/---

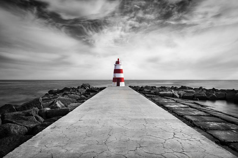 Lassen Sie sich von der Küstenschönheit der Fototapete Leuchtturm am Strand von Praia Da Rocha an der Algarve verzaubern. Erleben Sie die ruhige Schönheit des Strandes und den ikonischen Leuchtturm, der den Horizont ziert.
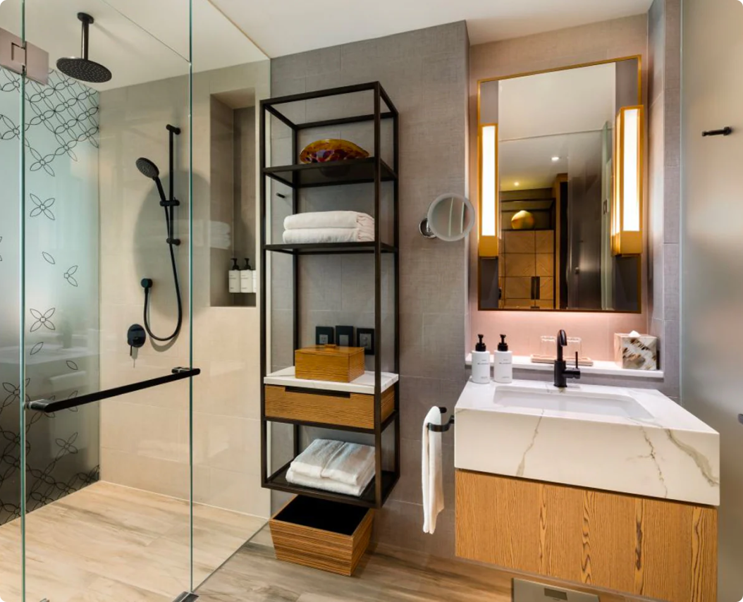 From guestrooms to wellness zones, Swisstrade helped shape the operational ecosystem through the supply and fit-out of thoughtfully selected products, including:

\---
/---

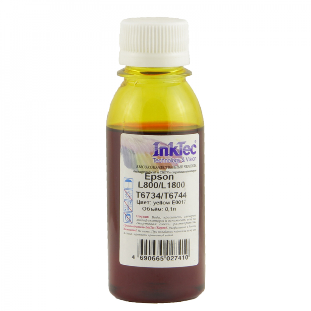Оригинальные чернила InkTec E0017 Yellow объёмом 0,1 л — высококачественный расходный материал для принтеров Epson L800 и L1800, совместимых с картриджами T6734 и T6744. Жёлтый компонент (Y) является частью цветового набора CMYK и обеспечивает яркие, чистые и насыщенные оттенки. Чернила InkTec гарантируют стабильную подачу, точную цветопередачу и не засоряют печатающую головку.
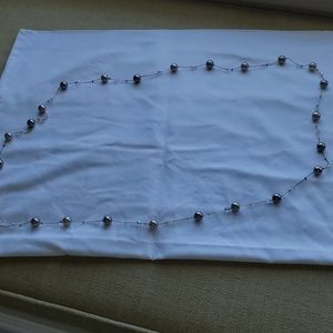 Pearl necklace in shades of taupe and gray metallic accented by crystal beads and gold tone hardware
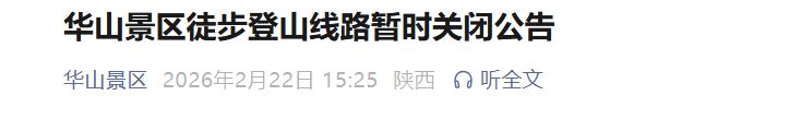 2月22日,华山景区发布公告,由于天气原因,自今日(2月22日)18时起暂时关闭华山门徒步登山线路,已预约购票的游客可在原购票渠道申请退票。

\---
/---

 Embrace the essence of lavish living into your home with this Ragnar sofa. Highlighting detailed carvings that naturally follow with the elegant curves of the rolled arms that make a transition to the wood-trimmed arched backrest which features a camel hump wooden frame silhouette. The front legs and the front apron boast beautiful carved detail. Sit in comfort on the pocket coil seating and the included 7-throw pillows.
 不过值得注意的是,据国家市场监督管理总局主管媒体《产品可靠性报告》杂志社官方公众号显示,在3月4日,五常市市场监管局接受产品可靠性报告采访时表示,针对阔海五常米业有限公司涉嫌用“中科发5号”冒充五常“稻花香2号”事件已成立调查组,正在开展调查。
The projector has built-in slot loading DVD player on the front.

\---

Work order: Using the listing above, repeat word for word each line from the one with "Lassen Sie sich" down to the one with "From guestrooms to", both included. Omit all pictures.

Expected output:
 Lassen Sie sich von der Küstenschönheit der Fototapete Leuchtturm am Strand von Praia Da Rocha an der Algarve verzaubern. Erleben Sie die ruhige Schönheit des Strandes und den ikonischen Leuchtturm, der den Horizont ziert.
 From guestrooms to wellness zones, Swisstrade helped shape the operational ecosystem through the supply and fit-out of thoughtfully selected products, including:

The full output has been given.